OSCE Mission Chief: Bosnia ‘Too Slow’ in Prosecuting War Crimes

"We recommended to the Bosnian state prosecution to reconstitute regional teams that they had in order to maintain expertise in a particular area of Bosnia and Herzegovina. I think a part of [the problem] is the management, a part of it is the quality of indictments, so I think that there is an issue there," Berton explained.

He called on Bosnia and Herzegovina to finally adopt its revised state strategy for the processing of war crimes in order to speed up the process of allocating the remaining cases between the state and entity level.

According to the revised strategy, which Bosnia's judicial overseer, the High Judicial and Prosecutorial Council, approved a year ago, all war crimes cases should be completed by 2023, with the most complex ones being dealt with at the state level and all others referred to entity-level courts.

Thousands of cases remain unprocessed and a previous deadline for completing them was missed in 2015.

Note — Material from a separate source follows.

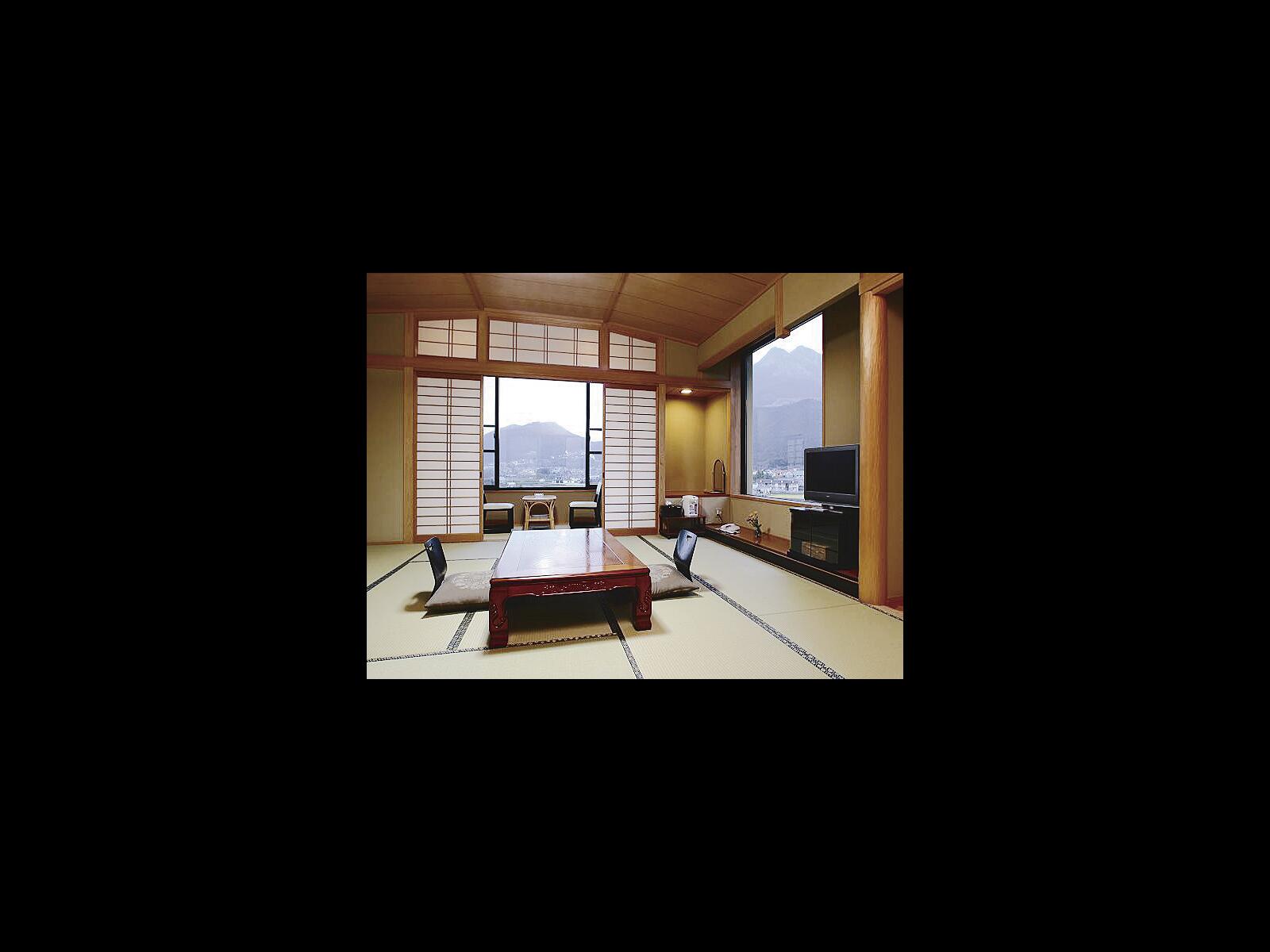 緑に囲まれ静かでゆっくりくつろげる宿。晴れた日は由布院の町並み・由布岳が一望でき疲れを癒すことができくつろげます。

Denis Zvizdic, chairman of the Council of Ministers, the executive branch of Bosnia and Herzegovina's state-level government, said in July that the problem preventing the revised strategy from being adopted was so-called 'Category A' cases which were transferred, before the investigations were finished, to Bosnian prosecutors by Hague Tribunal prosecutors.

Bosniak politicians have been delaying the adoption of the strategy, claiming that there needs to be a specific order in it to make sure Category A cases are a priority because the Bosnian prosecution is not focusing on these cases.

However, Berton argued that "our analysis shows that the prosecutor's office has actually prosecuted a lot of those [Category A] cases".

"For us, there is no reason why the revised strategy shouldn't therefore be...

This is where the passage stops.